Vor knapp 500 Jahren
hat Martin Luther in Wittenberg theologische Thesen veröffentlicht – und damit die
Reformation in Gang gebracht. Jetzt versucht sich auch ein katholischer Bischof an
einem Thesenanschlag: Der „Ökumenebischof“ der Deutschen Bischofskonferenz, Gerhard
Feige, hat rechtzeitig vor dem Reformationstag von diesem Mittwoch zehn „katholische
Thesen“ veröffentlicht. Sie kreisen um das Reformationsgedenken in fünf Jahren. Im
Kölner Domradio sagte der Magdeburger Bischof:
„Ich wollte die ganze Problematik
einmal zusammenfassen und bin davon ausgegangen, dass es zunächst eine evangelische
Angelegenheit ist. Wir sind zwar inzwischen eingeladen, aber wir sehen eben die Reformation
nicht unbedingt so begeistert wie die evangelische Seite. Bislang können wir jedenfalls
nicht fröhlich mitfeiern, aber wenn der Charakter stimmt, d.h. wenn diese Gedenkfeiern
– wie EKD-Präses Nikolaus Schneider einmal gesagt hat – im Kern ein Christusjubiläum
wären und wir damit ein gemeinsames Glaubenszeugnis für die Welt geben könnten, dann
könnte ich mir vorstellen, dass wir 2017 auch aktiver mit dabei sind!“
Katholiken
könnten und wollten sich „durchaus konstruktiv und kreativ mit der Reformation und
ihren Folgen auseinandersetzen“. Doch empfänden sie „die damit zusammenhängende Spaltung
der abendländischen Kirche als tragisch“, so Bischof Feige. Katholiken, Protestanten
und Reformierte sollten versuchen, Geschichte „nicht zu harmonisieren, aber doch zu
einer gemeinsamen Sichtweise zu kommen“. Das müsste natürlich bei Martin Luther selbst
anfangen:
„Luther scheidet die Geister. Er ist nicht nur ein geistlicher
Mensch gewesen, sondern hatte auch seine Ecken und Kanten und war eine recht sperrige
Persönlichkeit. Nicht alles, was von ihm stammt, ist positiv zu werten. Aber wie auch
der Papst betont hat: Luther hat leidenschaftlich um Gott gerungen und war sehr christusbezogen.
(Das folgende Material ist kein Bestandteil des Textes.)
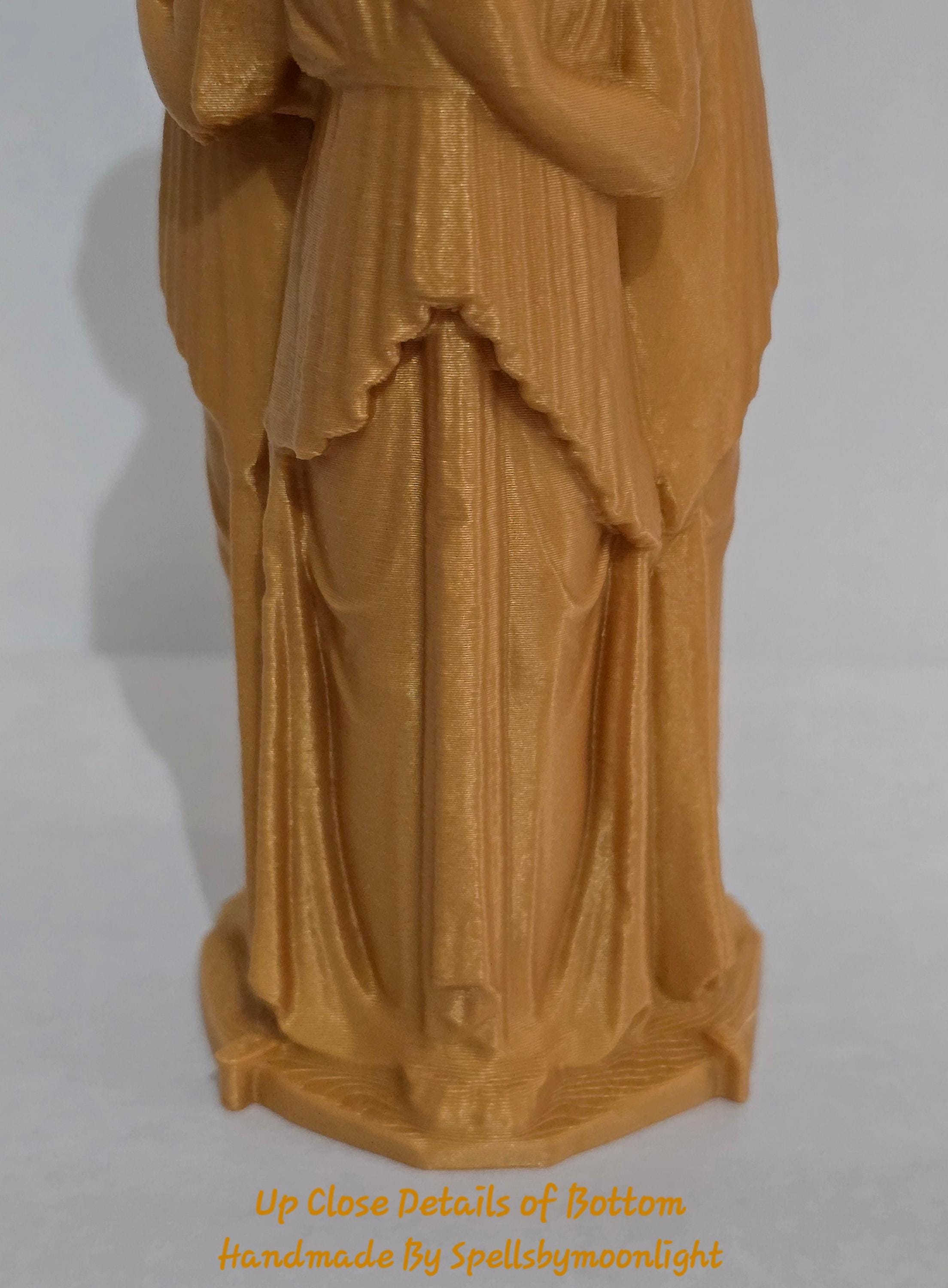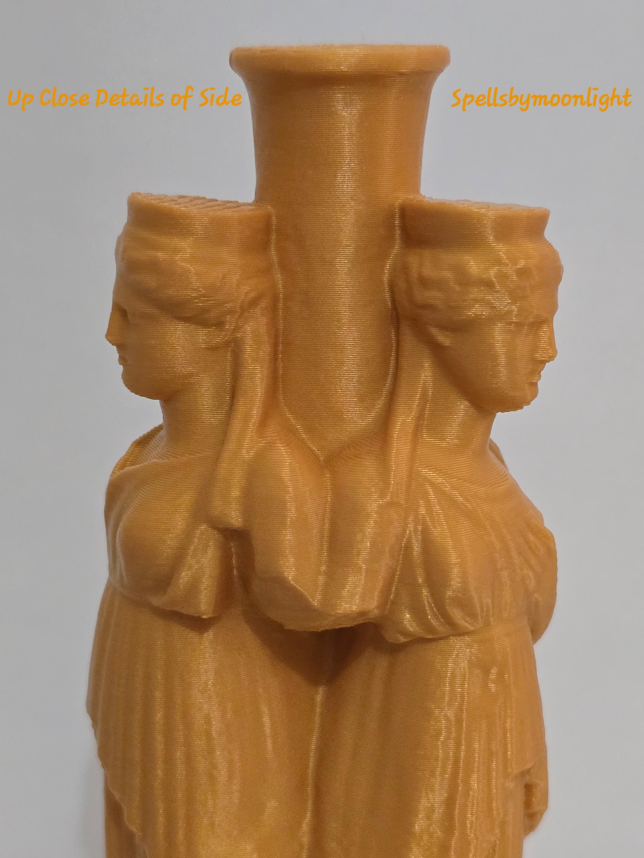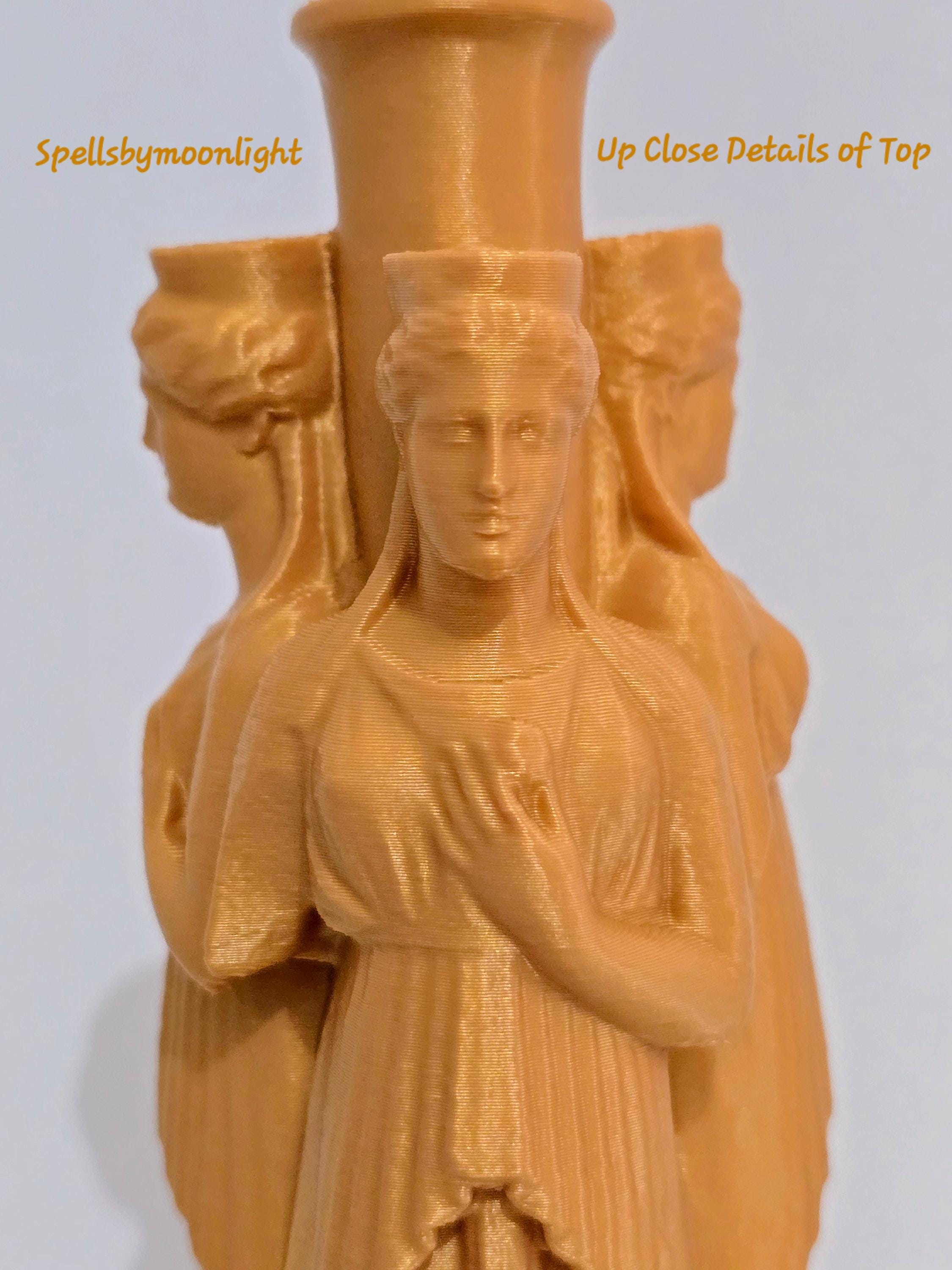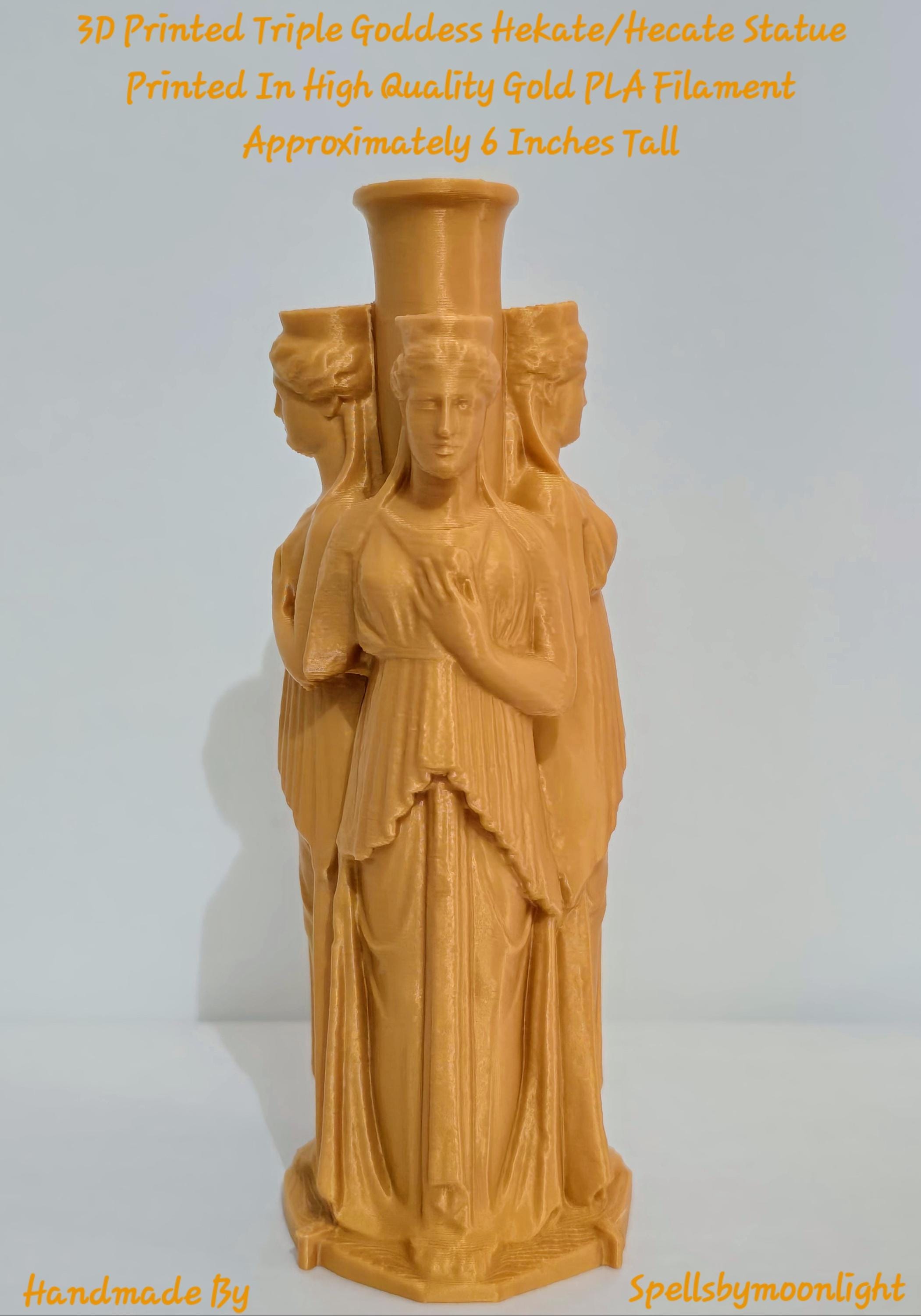 This listing is for One 3D Printed Triple Goddess Hekate/Hecate Statue in the color Gold. The Statues are not painted, they are Printed in High Quality PLA so you don't have to worry about paint chipping, peeling, or rubbing off! Please note that colors may differ slightly from how it appears on your screen due to varying monitor/Phone settings. The Statue isapproximately 6 Inches Tall. If you hold the Statue close to your face you can see very minimal lines produced by the 3D Printer. At a normal distance they aren't noticeable. The lines are minimal in appearance because I have a high end 3D Printer! These Statues are perfect for Your Alter, as an offering to Hekate/ Hecate, and also make great gifts! The artist Peter Farell, who I will give credit to below with a link did an amazing job at recreating Hecate on the Acropolis, including the slight lean of the Center Pillar that can be seen from a side view of the Statue! I love that this version is Historically correct!

Und das ist etwas, was auch Katholiken zum Nachdenken und zur Besinnung bringen könnte.
Es war 1983 schon einmal möglich, dass Theologen der evangelischen und der katholischen
Kirche in einer hochrangigen internationalen Kommission Luther als Zeugen des Evangeliums,
Lehrer im Glauben und Rufer zur geistlichen Erneuerung gemeinsam werten konnten!“
Bis
in die Gegenwart litten Christen - vor allem in konfessionsverschiedenen Ehen und
Familien - an der Spaltung, so Bischof Feige. Das sollte „nicht verdrängt oder beschönigt,
sondern zur Kenntnis genommen und aufgearbeitet werden“. Im Blick auf 2017 begrüßt
der Bischof Vorschläge, im katholisch-evangelischen Verhältnis eine „Reinigung des
Gedächtnisses“ oder „Heilung der Erinnerungen“ anzustreben und ein konkretes Zeichen
der Buße und der Bereitschaft zur Vergebung, der Umkehr und Versöhnung zu setzen.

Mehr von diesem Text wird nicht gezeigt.